What does big bank buyout really mean?
To some extent it depends, but recent action by Fed on Bear Stearns is a clear, serious warning signal about economy
By Carrie Mason-Draffen
Newsday
Tuesday, March 18, 2008 11:42 AM PDT
| |
| Steven Granger, Labranche & Co. LLC, directs trading on the floor of the New York Stock Exchange, Monday.
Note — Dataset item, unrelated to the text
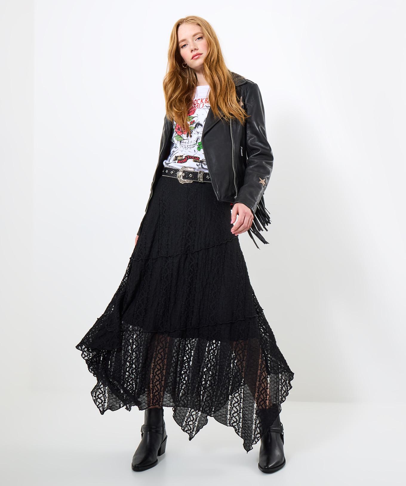 Dieser schwarze Spitzen-Maxirock verfügt über einen stilvollen High-Low-Saum, der eine moderne und elegante Silhouette bietet. Die aufwendigen Spitzendetails verleihen einen Hauch von Raffinesse und machen ihn zu einem vielseitigen Kleidungsstück für verschiedene Anlässe.

Wall Street clawed back from sharp losses as investors snapped up bargain stocks following J.P. Morgan Chase & Co.’s government-backed buyout of the stricken investment bank Bear Stearns Co. |
NEW YORK — In financial moves some experts said are reminiscent of the Great Depression, the Federal Reserve has engineered the sale of the ailing investment firm Bear Stearns to J.P. Morgan Chase & Co. for nearly $270 million.
As part of that deal, the Fed is extending Chase a $30 billion federally guaranteed line of credit.
That move is the latest of many the Fed has taken to calm jittery credit markets, where money is raised for a host of things, including credit cards, auto loans and mortgages.
The Fed’s other moves include making more money available to banks and brokerage firms, or making them more liquid.
“They are trying to melt down this iceberg of illiquidity (that has) frozen all of the markets up,” said Roy Smith, a professor of finance at New York University’s Stern School of Business.
Several experts spoke Monday about what Wall Street’s debacle and the Fed’s response could mean to consumers.
Question: What does all of this add up to for Main Street?
Answer: “By protecting Bear Stearns from failure, the Fed prevents the ripple effect,” said Pearl Kamer, chief economist at the Long Island Association in New York. “It keeps the pipeline open. Creditworthy individuals or businesses can still get a loan. Had the credit markets frozen up completely, that would not have been possible.”
“Oil is more expensive because of what’s been going on in the Wall Street crisis,” said Steve Gross, a principal at Penso Capital Markets, an investment firm in Cedarhurst, N.Y. “Imports are more expensive, and housing prices are going down.”
Q.: What does this mean for consumer credit, such things as mortgages and credit cards?
A.: The crisis is causing the banks “to overcorrect to achieve the balance they are optimally seeking,” said Kris Niswander, associate director of financial institutions at SNL Financial in Charlottesville, Va. “You are not going to find (mortgages with) 95 percent (financing). You are going to be required to have larger down payments. Banks “are going to do their due diligence a little heavier now than they were doing six months ago.”
“Home equity lines of credit will be harder to get,” Kamer said.
And it’s going to be tough for consumers to “raise ceilings on credit cards.”
Q.: Will the Fed’s moves stave off a recession?
A.: “I think we are in a recession,” Kamer said. “What the Fed did was try to prevent it from becoming a deeper and longer recession.”
Q.: Is the Bear Stearns rescue just the tip of the iceberg?
A.: “We are at the beginning of a long process of de-leveraging ... squeezing the debt out of the economy,” Kamer said. “I think it has a couple of years to run out, and we don’t know what is going to be popping up.”